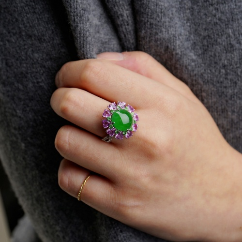 天然翡翠配粉色蓝宝石及钻石戒指
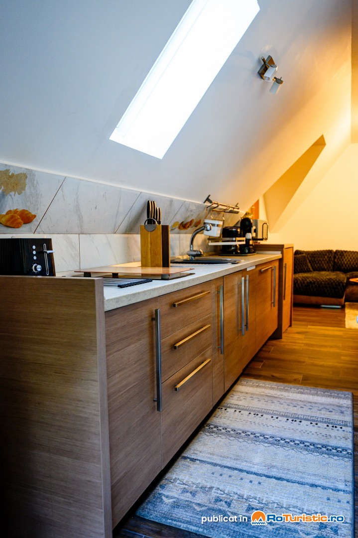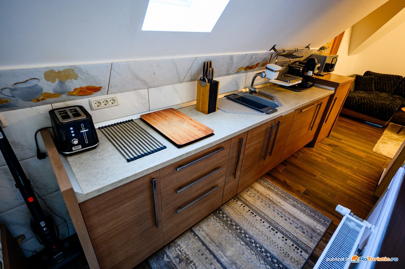 Apartamentele sunt dotate cu bucătărie complet utilată, frigider, plită cu inducție, vase, cuptor cu microunde, espressor, filtru de cafea, prăjitor de pâine, mașină de spălat rufe, fier și masă de călcat, precum și aspirator.
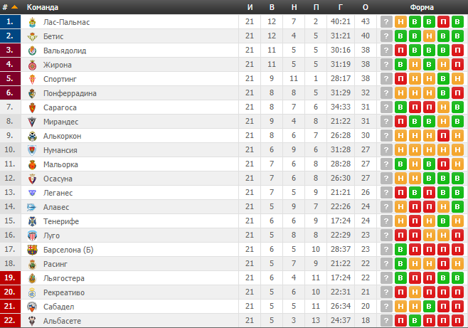 Таким образом, Лас Пальмас остается на первой строчке в турнирной таблице, но теперь расстояние от второго места составляет лишь три очка.
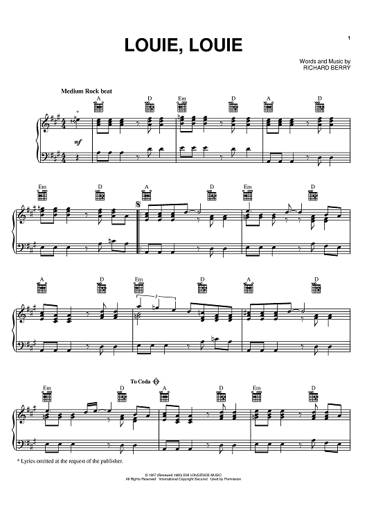 Digital Sheet Music for Louie, Louie by Richard Berry, The Kingsmen scored for Piano; id:370149

WHAT IS NEEDED:
Quote the material word for word, dropping any images it holds.

TASK ANSWER:
 天然翡翠配粉色蓝宝石及钻石戒指
 Apartamentele sunt dotate cu bucătărie complet utilată, frigider, plită cu inducție, vase, cuptor cu microunde, espressor, filtru de cafea, prăjitor de pâine, mașină de spălat rufe, fier și masă de călcat, precum și aspirator.
 Таким образом, Лас Пальмас остается на первой строчке в турнирной таблице, но теперь расстояние от второго места составляет лишь три очка.
 Digital Sheet Music for Louie, Louie by Richard Berry, The Kingsmen scored for Piano; id:370149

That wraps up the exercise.